• Records provided
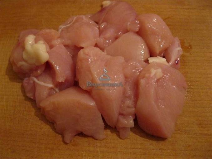 Куриное филе вымыть и нарезать крупными кусками.
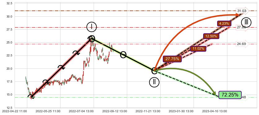 ➣ D点拟合预测价格16.63,距离最后交易收盘价格23.18相差 -28.26%
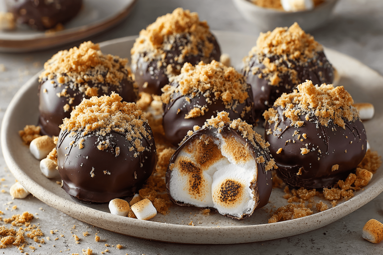 No-bake s’mores marshmallow truffles bring together everything you love about classic campfire s’mores—graham crackers, marshmallows, and chocolate—in one soft, sweet, bite-sized treat. These truffles are rich, creamy, and packed with nostalgic flavor, all without the need for an open flame or oven. They feature a smooth marshmallow filling with graham cracker crumbs, coated in chocolate and topped with a sprinkle of crunch.
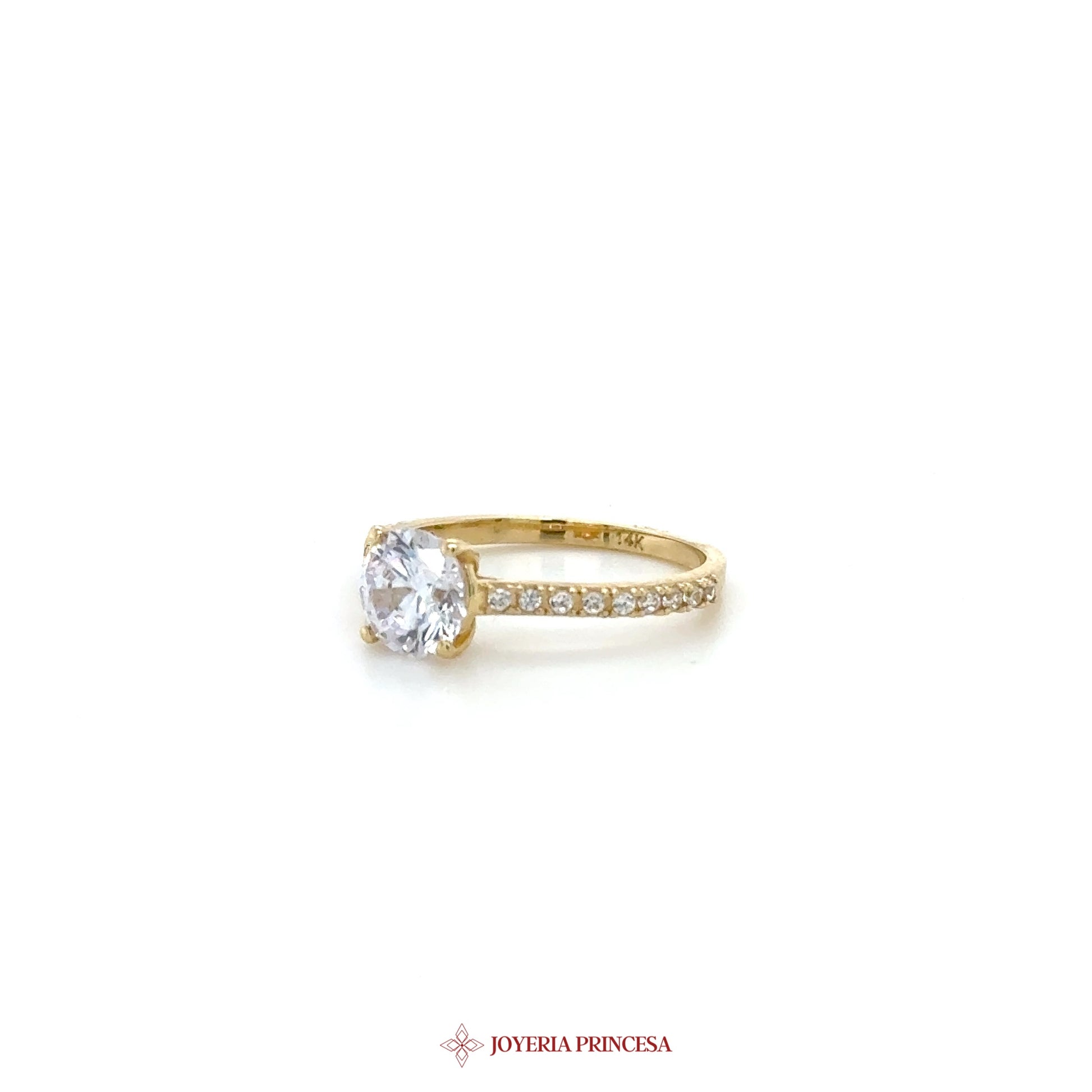 ES: Un impresionante anillo de compromiso en oro amarillo de 14K con una brillante piedra central de CZ • Elegante diseño solitario • Acabados de CZ brillantes a lo largo de la banda • Perfecto para ese momento especial.
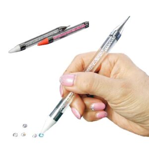ラインストーンを指やピンセットでつまむより、ワックスペンを使うと素早く・きれいに貼れます。チップが消耗したら替えチップで交換できるのも便利です。
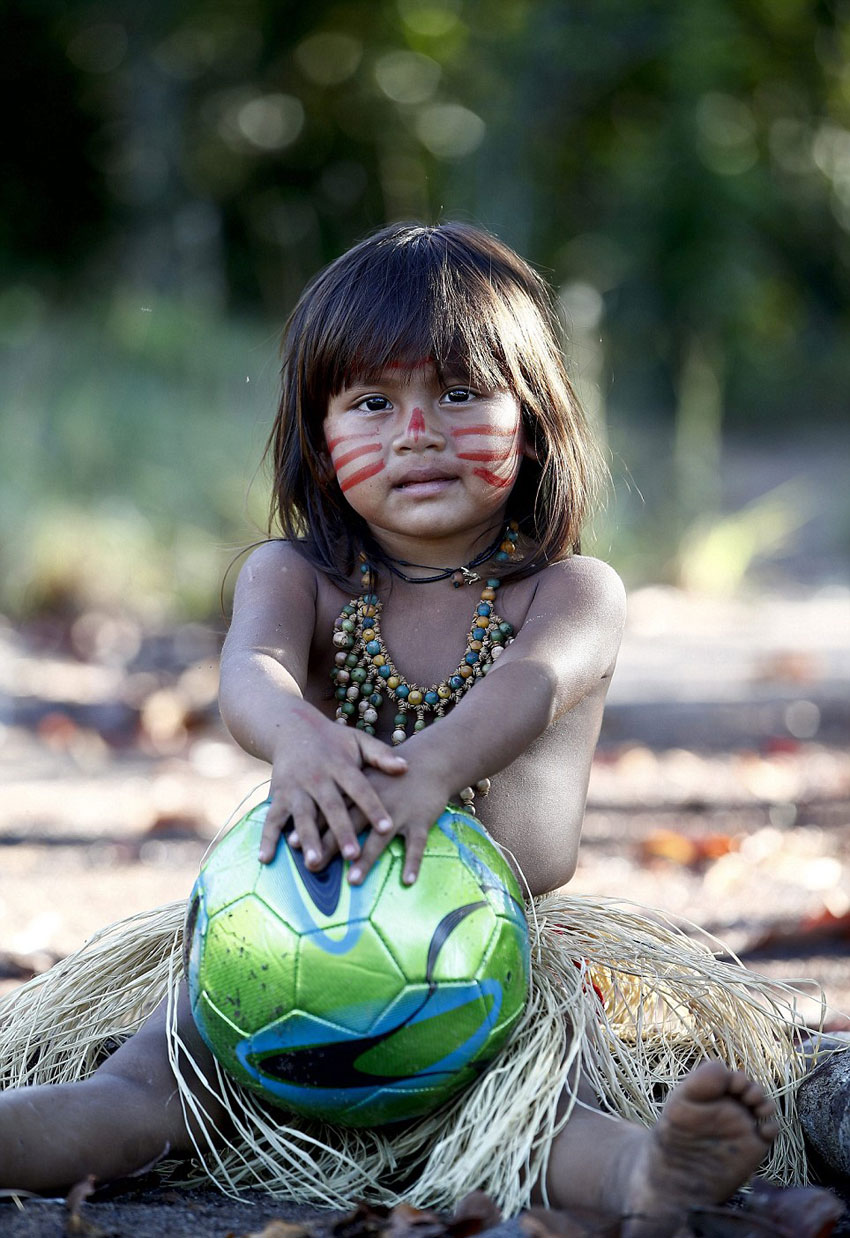 巴西亚马逊雨林塔图约部落一个女孩怀抱足球。(网页截图)
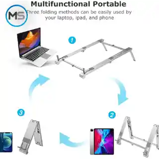 Excelente soporte 3 en 1 compatible con tu laptop. celular o tableta.Diseño 3 en 1: este soporte ajustable para portátil tiene un diseño único con 3 formas de usar. Se adapta a tu ordenador portátil de 15.6 pulgadas. teléfono y tablet. Nota: no tienes que montarlo tú mismo. Solo tienes que sacarlo y usarlo. Sigue las instrucciones del paquete (idioma español no garantizado).Elevador portátil para portátil: aunque el soporte para ordenador portátil está montado en varias barras de aleación de aluminio. también es ligero (0.4 lbs) y portátil. Puedes sostenerlo en tu mano o ponerlo en tu bolsillo. No ocupa demasiado espacio en tu bolso y puedes llevarlo a todas partes.Diseño protector: varias almohadillas de silicona antideslizantes se adhieren al elevador de aluminio para portátil que ayudan a evitar que tu dispositivo y escritorio se rayen. Además. la estructura de varias triángulos ayuda a reforzar los dispositivos de máximo 22.0 lbs y evita que se muevan.Elevador ergonómico para portátil: el soporte para portátil funciona como un elevador para ajustar la altura de la pantalla del portátil a 7 pulgadas y lo lleva a un nivel de ojos perfecto para fijar tu postura. Ayudará a reducir el dolor de cuello y espalda y la tensión ocular para crear espacio adicional y te dará la opción de trabajar sin ningún desorden en tu escritorio.
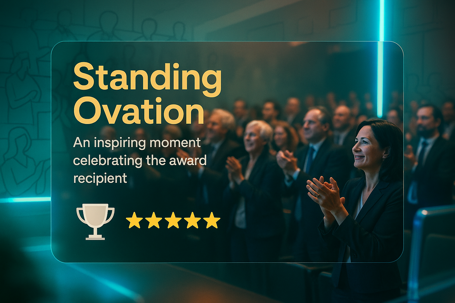 Dynamic image capturing an audience giving a standing ovation, showcasing an inspiring atmosphere at an award ceremony. Ideal for event promotion and recognition.
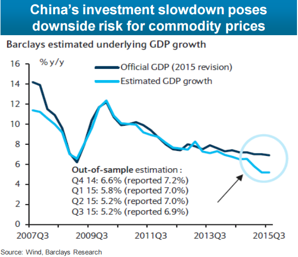 "We forecast 2015 GDP growth at 6.8%. We still see China's transition following a bumpy road, hence, our below-consensus growth forecasts of 6.0% for 2016 and 5.8% for 2017", notes Barclays.
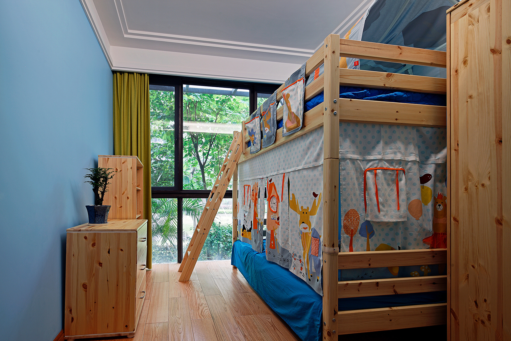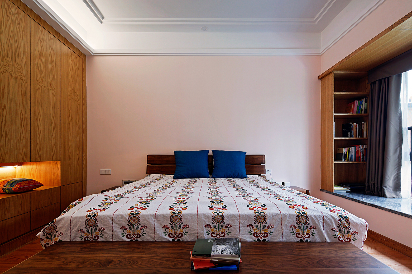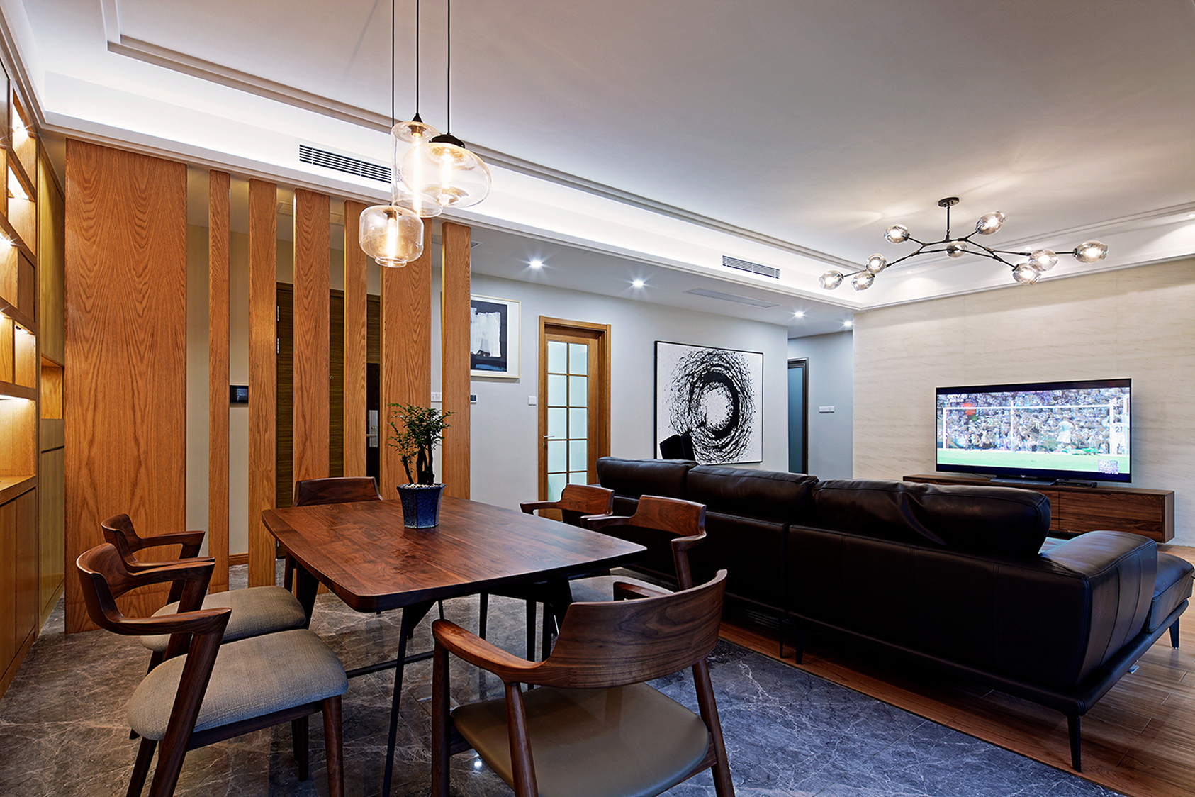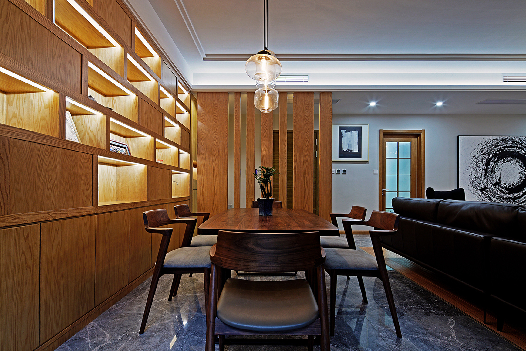 以深浅不一的原木家具贯整个住宅空间,搭配裸白色墙面,整个空间给人的感觉清新而舒畅。
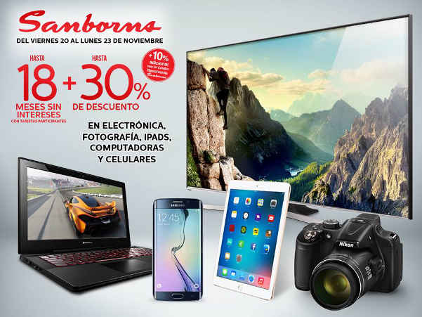 - Hasta 18 meses sin intereses con tarjetas bancarias participantes y hasta 30% de descuento en electrónica, fotografía, iPads, computadoras y celulares.
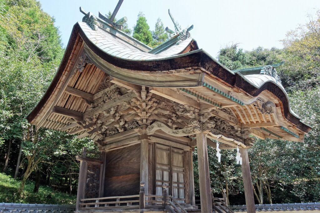 一、本殿は、明治十八年(一八八五)に造営された。近世初期の屋根形式に、江戸後期の装飾主義を取り入れた、芸術的にも技術的にもすぐれた建築物である。
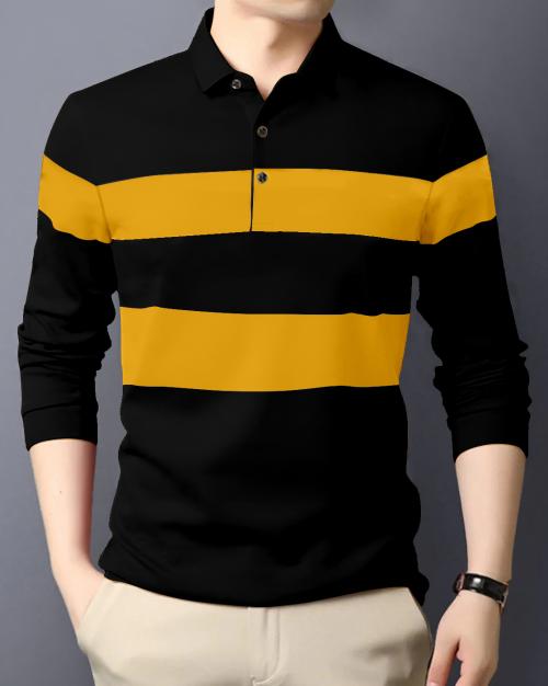 Gespo Black & Mustard Colorblocked Polo Neck Full Sleeve Casual T-Shirt
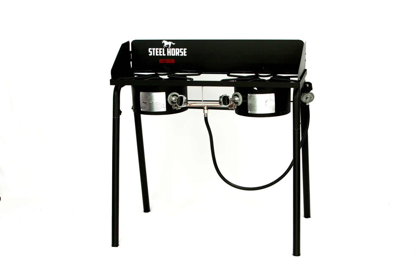 Built to withstand the rugged outdoors, the Steel Horse Outdoor Dual Camp Stove is your go-to culinary companion. The Heavy-Duty Welded Steel Frame and Solid Steel Burner Rack provide unmatched durability, while the Cast Iron Burner delivers a total of 60,000 BTUs for powerful and efficient cooking.

• Exercise instructions
Without any pictures, transcribe the listing above exactly as written.

• Exercise response
 Куриное филе вымыть и нарезать крупными кусками.
 ➣ D点拟合预测价格16.63,距离最后交易收盘价格23.18相差 -28.26%
 No-bake s’mores marshmallow truffles bring together everything you love about classic campfire s’mores—graham crackers, marshmallows, and chocolate—in one soft, sweet, bite-sized treat. These truffles are rich, creamy, and packed with nostalgic flavor, all without the need for an open flame or oven. They feature a smooth marshmallow filling with graham cracker crumbs, coated in chocolate and topped with a sprinkle of crunch.
 ES: Un impresionante anillo de compromiso en oro amarillo de 14K con una brillante piedra central de CZ • Elegante diseño solitario • Acabados de CZ brillantes a lo largo de la banda • Perfecto para ese momento especial.
ラインストーンを指やピンセットでつまむより、ワックスペンを使うと素早く・きれいに貼れます。チップが消耗したら替えチップで交換できるのも便利です。
 巴西亚马逊雨林塔图约部落一个女孩怀抱足球。(网页截图)
 Excelente soporte 3 en 1 compatible con tu laptop. celular o tableta.Diseño 3 en 1: este soporte ajustable para portátil tiene un diseño único con 3 formas de usar. Se adapta a tu ordenador portátil de 15.6 pulgadas. teléfono y tablet. Nota: no tienes que montarlo tú mismo. Solo tienes que sacarlo y usarlo. Sigue las instrucciones del paquete (idioma español no garantizado).Elevador portátil para portátil: aunque el soporte para ordenador portátil está montado en varias barras de aleación de aluminio. también es ligero (0.4 lbs) y portátil. Puedes sostenerlo en tu mano o ponerlo en tu bolsillo. No ocupa demasiado espacio en tu bolso y puedes llevarlo a todas partes.Diseño protector: varias almohadillas de silicona antideslizantes se adhieren al elevador de aluminio para portátil que ayudan a evitar que tu dispositivo y escritorio se rayen. Además. la estructura de varias triángulos ayuda a reforzar los dispositivos de máximo 22.0 lbs y evita que se muevan.Elevador ergonómico para portátil: el soporte para portátil funciona como un elevador para ajustar la altura de la pantalla del portátil a 7 pulgadas y lo lleva a un nivel de ojos perfecto para fijar tu postura. Ayudará a reducir el dolor de cuello y espalda y la tensión ocular para crear espacio adicional y te dará la opción de trabajar sin ningún desorden en tu escritorio.
 Dynamic image capturing an audience giving a standing ovation, showcasing an inspiring atmosphere at an award ceremony. Ideal for event promotion and recognition.
 "We forecast 2015 GDP growth at 6.8%. We still see China's transition following a bumpy road, hence, our below-consensus growth forecasts of 6.0% for 2016 and 5.8% for 2017", notes Barclays.
 以深浅不一的原木家具贯整个住宅空间,搭配裸白色墙面,整个空间给人的感觉清新而舒畅。
 - Hasta 18 meses sin intereses con tarjetas bancarias participantes y hasta 30% de descuento en electrónica, fotografía, iPads, computadoras y celulares.
 一、本殿は、明治十八年(一八八五)に造営された。近世初期の屋根形式に、江戸後期の装飾主義を取り入れた、芸術的にも技術的にもすぐれた建築物である。
 Gespo Black & Mustard Colorblocked Polo Neck Full Sleeve Casual T-Shirt
 Built to withstand the rugged outdoors, the Steel Horse Outdoor Dual Camp Stove is your go-to culinary companion. The Heavy-Duty Welded Steel Frame and Solid Steel Burner Rack provide unmatched durability, while the Cast Iron Burner delivers a total of 60,000 BTUs for powerful and efficient cooking.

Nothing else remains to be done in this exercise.